Checché se ne dica, esistono drammi di serie A e B. E il declassamento arriva per tutti, fulmineo e spietato. Lo spettacolo deve proseguire ed il carrozzone mediatico sposta i suoi riflettori di tragedia in tragedia, preoccupandosi dell’audience più che della portata degli avvenimenti. Così la rivolta del popolo libico per la democrazia finisce nel dimenticatoio, determinandone la fine.

È la stampa, bellezza, la stampa. E tu non ci puoi fare niente… niente! diceva Humphrey Bogart alias Ed Hutchinson, giornalista ne “L’ultima minaccia”, film del 1952 diretto da Richard Brooks.

Hai voglia a cercare notizie delle decine di migliaia di morti che le truppe mercenarie di Gheddafi stanno mietendo ancora oggi fra le fila dei ribelli libici; ma niente, sembrano inghiottiti dalle sabbie del deserto. O dalle onde di uno tsunami.

Eh si, perché ora c’è qualcosa di più sensazionale da lanciare sul carrozzone mediatico. Un’enorme tragedia, quella che sta vivendo il Giappone in questi giorni, che fa calare il sipario sul dramma libico, forse maggiore per numero di morti, ma certamente meno spettacolare. Per la legge dei reality vince lo tsunami… e Giappone sia! Con conseguente oscuramento, seppur parziale (ma sostanziale), della crisi nordafricana. Non importa che li sia in gioco la democrazia e, con essa, il futuro di quei popoli.

E’ disarmante, infatti, la velocità con cui anche le maggiori testate giornalistiche italiane hanno spostato tutti i riflettori dalla rivolta libica al terremoto giapponese, quasi che la prima di punto in bianco non esista più. O che mai sia esistita. Perché è questo che risalta, è questo il messaggio che i telespettatori e i lettori ricevono.

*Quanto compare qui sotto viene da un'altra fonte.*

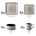 WHAT’S IN THE BOX: Service for 4 that contains 4 of each of the following: 10.4" Dinner Plates, 7.75" Dessert Plates, 5.75" Cereal Bowls and 14.8 OZ Mugs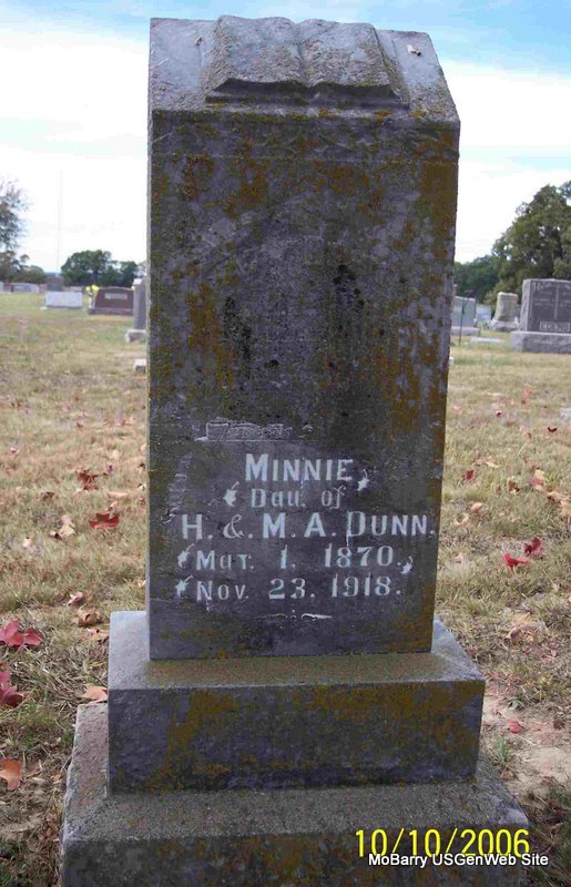 | HUNT, Minnie (DUNN) | Mar. 1, 1870 | Nov. 23, 1918 | Inscription: "Dau. of H. and M. A. Dunn" - Research Note: Daughter of Henry Dunn and Mary Forester - Cassville Republican, Nov. 28, 1918 - Mrs. Minnie Hunt, wife of Willard Hunt, died Saturday evening, November 23, at the home of her parents, Mr. and Mrs. Henry Dunn, five miles southeast of Cassville, of lung trouble. Mrs. Hunt had been a sufferer for a long time and had borne it with Christian fortitude and passed peacefully away surrounded by many of her loved ones. The funeral services were held Sunday afternoon, conducted by Rev. Will Ireland, and interment made in the Corinth cemetery. Minnie Dunn Hunt was born in Barry county near Washburn March 1, 1870. She was the oldest daughter of Mr. and Mrs. Henry Dunn. Most of her life was spent in this county and at Aurora. The family lived for some time in Oklahoma. She leaves husband and three children, two sons and a daughter. | Online Newspapers Phyllis Long Photo Diana Cope |

Eppure i titoli, per quanto minuscoli, non lasciano trasparire un miglioramento della situazione, ma anzi dicono chiaramente che il rais sta riprendendo il potere a suon di corpi sventrati dai continui bombardamenti.

Viene quindi da domandarsi dove siano finiti gli atteggiamenti timidamente minacciosi di USA e Europa e come mai Gheddafi, che solo pochi giorni fa stava cercando disperatamente un salvacondotto in uno Stato amico (e non ci sarebbe stato da stupirsi se questo fosse stato l’Italia) ora è lasciato libero di sterminare il suo popolo. Ed ancora, sarà realizzata la No Fly Zone sulla Libia?

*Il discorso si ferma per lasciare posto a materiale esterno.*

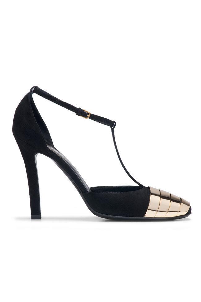 | en T con puntera metalizada, de Yves Saint Laurent. |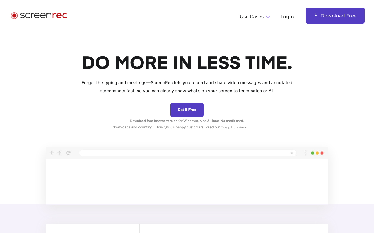 ScreenRec's free plan includes unlimited recordings with no length cap and no video count limit, capturing desktop, webcam, and microphone simultaneously — the only tool in this comparison with no paywall on recording volume. Best for: individual agents or small support teams who need unlimited recording without hitting a free-tier ceiling.

Dal corriere.it fanno sapere che “Il presidente degli Stati Uniti Barack Obama ha chiesto ripetutamente a Gheddafi di lasciare il potere, ma Washington non ha voluto imporre un blocco del traffico aereo sui cieli libici in maniera unilaterale”. Ed ancora “Sia gli Stati Uniti che l'Unione europea avevano chiesto supporto ai Paesi arabi per aumentare le pressioni sul governo libico”.

Ora, mi sembra superfluo far presente che non si sta discutendo con un galantuomo ma con un criminale spietato che non credo lascerà il potere semplicemente perché glielo chiedono gentilmente l’Occidente e i Paesi arabi. Peraltro non mi pare che tanta grazia sia stata riservata al suo collega Saddam Hussein.

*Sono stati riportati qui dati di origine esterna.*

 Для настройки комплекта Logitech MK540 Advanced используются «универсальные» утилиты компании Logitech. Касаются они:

Ma forse la democrazia è da esportare solo in Afghanistan e Iraq, dove peraltro nessuno l’aveva chiesta, mentre possiamo lasciare da parte il nostro “buon cuore” davanti ad un popolo oppresso che sta lottando (e morendo) per difendere i suoi diritti e la sua libertà.

D’altronde l’importante è che, come ha affermato la televisione di Stato libica, “i porti petroliferi nel Paese sono sicuri e stanno riprendendo le attività dopo la fine degli atti di sabotaggio", invitando le compagnie petrolifere a tornare a caricare il greggio e i lavoratori degli impianti a tornare al lavoro. (repubblica.it)

The oil show must go on, fino all’ultima goccia. O all’ultimo morto.